Maize Database Implementation--
Unveiling at Annual Meeting


Mary Berlyn, Research Scientist
Dept. of Biology and School of Forestry and Environmental Studies
Yale University
Stan Letovsky, President
Letovsky Associates, New Haven, CT

Maize geneticists had an opportunity to use the Sun SparcStation Sybase implementation of the Maize DB (Database) at their annual maize genetics meeting in Asilomar, CA, last March.

The scientists queried for stocks with specific genotypic combinations, map diagrams of gene and RFLP marker positions or cytogenetic markers, phenotypic traits associated with specific mutations, genes producing specific gene products or product classes, and the converse of such queries.

Interest in the database was high. Scientists from both academia and industry expressed satisfaction and support for the project, which is headed by USDA Agricultural Research Service Geneticist Ed Coe at the University of Missouri.

The demonstration allowed participants to query with the entire suite of first-phase, fully functioning software, with comprehensive data entry in many areas--including a wide range of Maize Genetics Cooperation Stock Center and other stocks, genes,gene products, and mutations--and with more limited entries of mapping data.

Database Development

The demonstration culminated a year of work that began, symmetrically enough, with the first meeting of the Maize Database Advisory Group recruited and convened by Ed Coe at the 1991 Annual MAIZE GENETICS Meeting in Delavan, WI. This group subsequently met to recommend priorities and requirements, and provide general advice for the development of the database.

A University of Missouri working group--Ed, Denis Hancock, Mary Polacco, and Marty Sachs--periodically met with Mary Berlyn, Yale University, and Stan Letovsky, Letovsky Associates, to further develop design specifications. After further work on the design, completed by Stan and Mary in September, the specifications were converted into database software by Stan. The Maize DB implementation in Sybase was delivered to the Columbia, MO, group in November 1991. Heavy-duty data entry work in Columbia and New Haven, and small modifications in the software followed.

At the March maize genetics meeting, Denis and Stan installed the database on a workstation in the poster hall (and an on-line vt100 version ran on a portable computer connected to the server in Columbia). The database developers then all vied to show their favorite features of Maize DB to interested participants.

Contents

Some of the contents and relationships within the database are indicated in the following statements. (Capitalized nouns indicate major objects in the database.)

Query Mode

The interface to the Maize DB is form-based. A query is formulated by placing the desired characteristic (e.g., phenotypic trait, mutation type, combination of specific mutants, or endpoint coordinates) into the appropriate field on the form for the object that the user wishes to retrieve.
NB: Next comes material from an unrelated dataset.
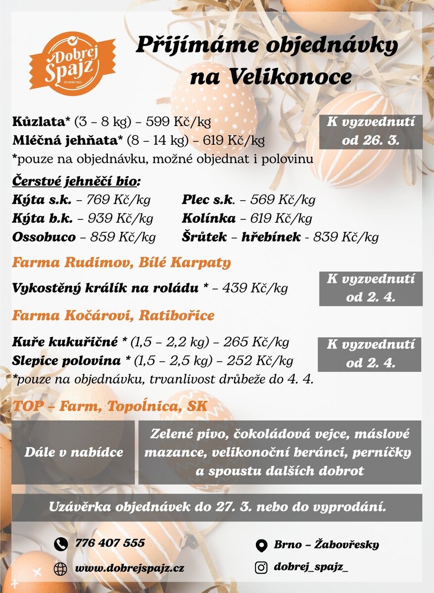 Právě jsme zahájili příjem objednávek na Velikonoce, tak si nezapomeňte včas objednat. Počty některých položek jsou omezené.

For example, to retrieve a strain with a mutation in each of the two orange pericarp genes orp1 and orp2, the user enters query mode on the Strain Form and places orp1 and orp2 in the Mutation list field.

To obtain a list of all genes between genetic coordinates 0 and 40 on Chromosome 1, the user enters query mode on Sites and enters 20 +/- 20 in the Coordinate fields and Gene in the Type field. A Menu button converts the user's specification into the corresponding Sybase query and returns a list of all objects (stocks in the first example, genes in the second) that satisfy those constraints. Menu options then allow the user to examine selected strains or genes in detail and to draw a map of the genes.

Rapid Travel

The interface also provides for rapid travel between forms to get detailed information about components of the description. For example, in examining a strain, the user may wish to see all information and references relating to one of the mutations. Pointing to that field and pushing a menu button presents the Mutation form for that mutation entry. The user can then either return to the original form or further expand the query by pointing to the "Gene field" to find its location on the chromosome and perhaps be surprised to learn that the gene with this well-defined morphological trait, in fact, codes for a subunit of the amino acid biosynthetic gene tryptophan synthetase.

Another user may have started a query by asking for a strain with a mutation affecting tryptophan biosynthesis, and a third by specifying and selecting from all mutations affecting pericarp color. They may end up with the same set of information, and may even ultimately choose the same Stock, but approach it from different perspectives and travel different routes through the database. In this manner, a wide variety of information at many levels of genetic analysis is available through paths determined by the user.

Comprehensive data entry continues; modifications and extension of the software are underway. This phase of development will emphasize extensions in the analysis and storage of both classical and RFLP mapping data.